First, NO shade. We harbor Frida Kahlo no ill will, in fact are adamant fans of her paintings and honor her unique struggle as a queer woman of mixed background luchando in Mexico. we do, however believe that her image has been used to trap Mexican ideology in some kind of commodified kitsch to be printed and reposted everywhere as the one and only woman who fought for rights in Mexico, obscuring others and telling one version of feminist mexico. So we want to scratch the surface and introduce you to some others you may never have heard of until now.

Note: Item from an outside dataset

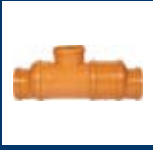
SMS MAINTENANCE SHAFT STRAIGHT 750185 – PVC Maintenance Shaft 225x225mm Straight

Colonization and ‘New Spain’ (1519–1810)

La Malinche (1500–1529) is one of the most profound and complicated symbols of feminism in what is now Mexican ideology. She was sold into slavery at least three times beginning at the age of 8. Probably a mixture of natural inclination and survival necessity she learned several indigenous languages as she was moved around the country. Eventually she was given as property to one of the generals in the invading Spanish army led by Hernan Cortes. Working with other interpreters, she translated between multiple languages and eventually assisted the communication between Cortes and Moctezuma and according to some gained her freedom by doing so. She had a child with Cortes but because she was not recorded in official documents, Spain did not recognize legitimacy. She married later and also had another child, bu the illegitimacy of her first child with the Spanish invader is what has captured the Mexican imagination for centuries.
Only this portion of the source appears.